Difference between CODEUNITS16 and CODEUNITS32
CODEUNITS16 and CODEUNITS32 return the same answer unless the data contains supplementary characters.
A supplementary character is represented as two UTF-16 code units or one UTF-32 code unit. In UTF-8, a non-supplementary character is represented by 1 to 3 bytes and a supplementary character is represented by 4 bytes. In UTF-16, a non-supplementary character is represented by one CODEUNIT16 code unit or 2 bytes, and a supplementary character is represented by two CODEUNIT16 code units or 4 bytes. In UTF-32, a character is represented by one CODEUNIT32 code unit or 4 bytes. Thus, CODEUNITS16 and CODEUNITS32 return different answers when the data contains supplementary characters.
Example 1: The following table shows the hexadecimal values
for the mathematical bold capital A and the Latin capital letter A.
The mathematical bold capital A is a supplementary character that
is represented by 4 bytes in UTF-8, UTF-16, and UTF-32.
Character | UTF-8 representation | UTF-16 representation | UTF-32 representation |
---|---|---|---|
Unicode value \u1D400 - 'A' MATHEMATICAL BOLD CAPITAL A |
X'F09D9080' | X'D835DC00' | X'0001D400' |
Unicode value \u0041 - 'A' LATIN CAPITAL LETTER A |
X'41' | X'0041' | X'00000041' |
Assume that C1 is a VARCHAR(128) column, encoded in Unicode UTF-8,
and that table T1 contains one row with the value of the mathematical
bold capital A (X'F09D9080'). The following similar queries
return different answers:
-- Query: -- Returns the value:
SELECT CHARACTER_LENGTH(C1,CODEUNITS32) FROM T1; -- 1
SELECT CHARACTER_LENGTH(C1,CODEUNITS16) FROM T1; -- 2
SELECT CHARACTER_LENGTH(C1,OCTETS) FROM T1; -- 4
Example 2: Assume that C1 is a VARCHAR(128) column, encoded
in Unicode UTF-8, and that table T1 contains one row with the value
of the mathematical bold capital A (X'F09D9080'). The following
similar queries return different answers.

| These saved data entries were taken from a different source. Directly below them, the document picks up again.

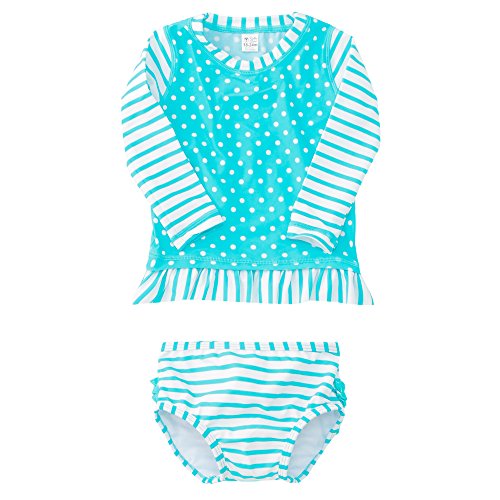 RUFFLE BUTTS ラッフルバッツ 長袖 ラッシュガード ビキニ 水着 ベビー キッズ スイムウエア (サイズ:12-18m、カラー:Aqua Striped) [並行輸入品]
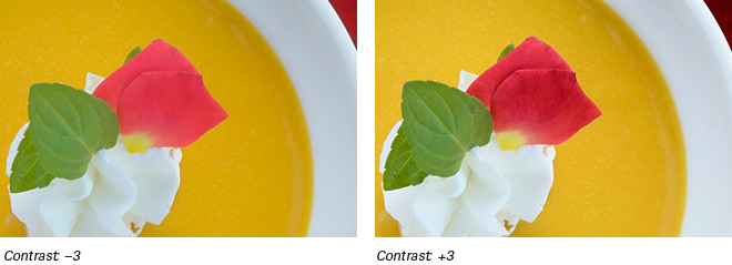 Adjust contrast. Choose negative values for softer contrast, positive values to preserve details in low-contrast subjects.
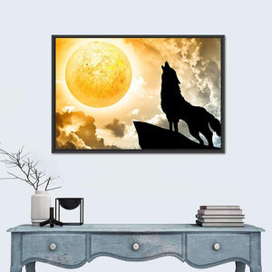 This striking canvas features a wolf howling at a glowing moon, surrounded by wispy clouds and a rocky cliff. With its mysterious and wild atmosphere, it evokes a sense of serenity that’s perfect for adding character to your living space.
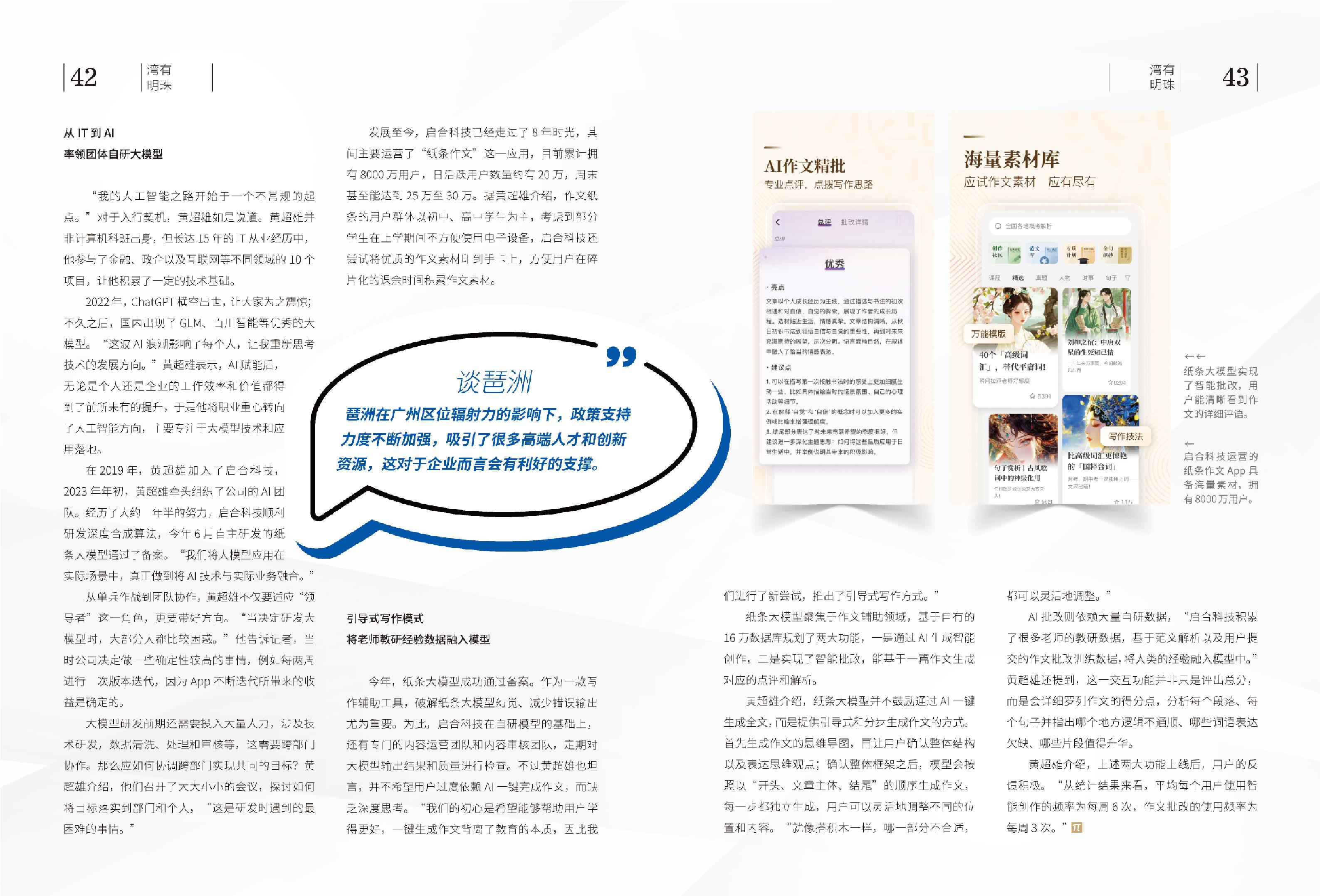 启合科技运营的纸条作文APP具备海量素材,吸引了8000万用户。 纸条大模型实现了智能批改,用户能清晰看到作文的详细评语。

-- Query: -- Returns the value:
SELECT HEX(SUBSTRING(C1,1,1,CODEUNITS32)) FROM T1; -- X'F09D9080'
SELECT HEX(SUBSTRING(C1,1,1,CODEUNITS16)) FROM T1; -- X'20'
SELECT HEX(SUBSTRING(C1,1,2,CODEUNITS16)) FROM T1; -- X'F09D9080'
SELECT HEX(SUBSTRING(C1,1,1,OCTETS)) FROM T1; -- X'20'
SELECT HEX(SUBSTR(C1,1,1)) FROM T1; -- X'F0'
The
value X'20' is the pad (blank) character.